Problems using Jama in java for LSA

Question

i am making using of the jama package for finding the lsa . I was told to reduce the dimensionality and hence i have reduced it to 3 in this case and i reconstruct the matrix . But the resultant matrix is very different from the one i had given to the system

heres the code

    a = new Matrix(termdoc); // get the matrix here 
    a = a.transpose() ; // since the matrix is in the form of doc * terms i transpose it 
    SingularValueDecomposition sv =new SingularValueDecomposition(a) ; 
    u = sv.getU();
    v = sv.getV(); 
    s = sv.getS();
    uarray = u.getArray();
    sarray = s.getArray(); 
    varray = v.getArray(); 
    sarray_mod = new double[3][3]; //reducing dimension 
    uarray_mod = new double[uarray.length][3];
    varray_mod = new double[3][varray.length]; 
    move(sarray,3,3,sarray_mod); // my method to move the contents 
    move(uarray,uarray.length,3,uarray_mod); 
    move(varray,3,varray.length,varray_mod); 
    e = new Matrix(uarray_mod); 
    f = new Matrix(sarray_mod);
    g = new Matrix(varray_mod);
    Matrix temp  =e.times(f); 
    result = temp.times(g); 
    result = result.transpose(); 
    results = result.getArray() ; 
    System.out.println(" The array after svd : \n"); 
    print(results);// my method to print the array 

 private static void move(double[][] sarray2, int r, int c,
        double[][] sarrayMod) {
    // TODO Auto-generated method stub 
    for(int i=0;i<r;i++)
        for(int t=0;t<c;t++)
            sarrayMod[i][t]=sarray2[i][t];

}

A sample output with just 3 files of which two are the similar

0.25 0 0 0 0 0 0 0 0.25 0 0.25 0.25 0 

0 0.083 0.083 0.083 0.083 0.083 0.083 0.083 0 0.083 0.083 0.167 0.083 

0.25 0 0 0 0 0 0 0 0.25 0 0.25 0.25 0 

The array after svd :

0.225 0.029 0.029 0.029 0.029 0.029 0.029 0.029 0.225 0.029 0.253 0.282 0.029 

-0.121 0.077 0.077 0.077 0.077 0.077 0.077 0.077 -0.121 0.077 -0.044 0.033 0.077 

0.245 0.012 0.012 0.012 0.012 0.012 0.012 0.012 0.245 0.012 0.257 0.269 0.012 

Answer 1

Go through the example Here

In the example, we take first 2 columns from U,S and V . And then we multiply them.
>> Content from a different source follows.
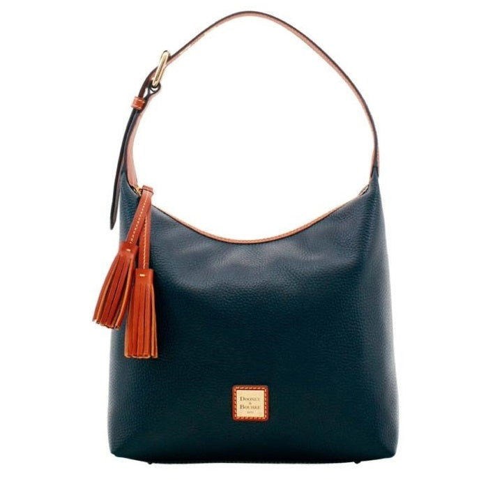 The Paige Sac is designed to be comfortably worn on the shoulder. This enduring hobo style will last through trends and generations with durable pebbled leather and classic tassels. The smooth leather strap features a belt-like buckle that adds a fun design element and also guarantees a customized fit. Features 2 inside pockets, 1 inside zip pocket, a cell phone pocket, and an inside key hook. When you set down your bag there is no need to worry about the bottom getting dirty with the metal feet protecting your bag. Handle drop length 11". A top tassel zipper closure keeps bag contents secure. Color: Black with brown trim. Dimensions: H 9.5" x W 6" x D 11.5".

It wont result to give you the same matrix but will enhance the performance in similarity.

If you have gone through the example, you will find that the similarity between user and human was in -ve. But after we performed SVD , similarity increased to a +ve value close to 1.

I think the way you are moving is correct. Just go through the example once.